Homework 3

Due Monday, October 30 at 11:59 PM via Canvas. PDF Format required.

In this part of the assignment, you'll experiment with designing, learning, and evaluating Bayes Nets. Start by downloading the Weka machine learning package. It works across platforms and has the functionality required for the homework. We also highly recommend you consult these helpful tips which run through a couple of examples similar to, but not exactly the same as, the homework exercises.
Complete the steps below and answer the following questions:

(1 point) In the Bayes Net Editor, load the car data set. You can learn more about this data set from its UCI Repository page. Accepting the defaults, learn a Bayes Net for this data set, and save it. The learned Bayes Net will have a specific structure we've talked about in class. What's the name for this kind of Bayes Net?
(1 point) Now, use your domain intuition to design some change to the Bayes Net that you think is reasonable (i.e., adding or deleting edges). Save this network, and include a snapshot and a brief (1-2 sentence) justification for your changes.
(1 point) Now change the defaults in the ``K2'' search algorithm for Bayes Net Learning in order to learn a different Bayes Net structure. Include a snapshot of your learned structure with the assignment, and identify at least one independence assertion that holds for the net in part (a) but not in your learned structure -- or vice-versa.

Now you'll try learning parameters for your networks and evaluating them.
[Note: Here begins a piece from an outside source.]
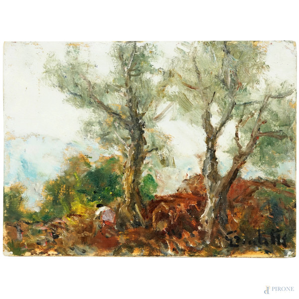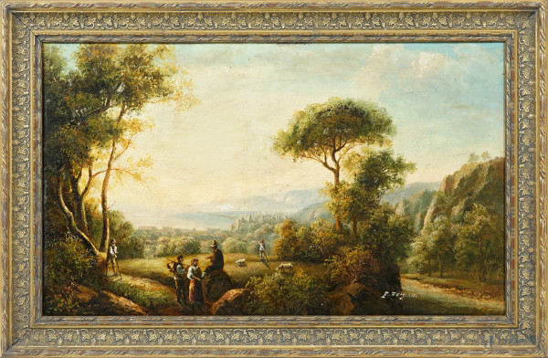Paesaggio Con Figure, Olio Su Tavola, Firmato, CM 44 X 73, Entro Cornice

(3 points) In the Weka Explorer, open the car.arff data set. Using Weka's defaults of 10-fold cross validation and the SimpleEstimator, learn CPT parameters and test each of your Bayes Nets from question 1. Include a table that lists the accuracy of each of your Bayes Nets (you don't need to include any CPTs). Compare the accuracy of your nets with that of a "ZeroR" baseline (this classifier comes up as the default when you navigate to the "Classify" tab, and simply predicts the majority class for all test examples).
(1 point) The SimpleEstimator has a default alpha value of 0.5. What value of alpha corresponds to maximum likelihood estimation?
(1 point) You may have found that the Bayes Net learned in part (c) had higher accuracy than the others. However, this network has an "unfair" advantage -- what is it?

Gibbs sampling questions.

(1 point) Consider a small Bayes Net of binary variables with A->B->C. Let P(A=1)=P(B=1 | A=0)=P(B=1 | A=1)=0.5, and P(C=1 | B=1)=P(C=0 | B=0)=1.0. Say you initialize a Gibbs Sampler with A=1, B=0, C=0, and choose to re-sample variable B. What is the probability distribution from which you sample new values for B? Now, from this starting point, say you perform Gibbs sampling on the network in order to estimate P(B) (i.e., there is no evidence). In the long run, what probability will your Gibbs sampler assign to P(B)?
(1 point) The sampler in part (a) has an undesireable behavior. How could you solve this?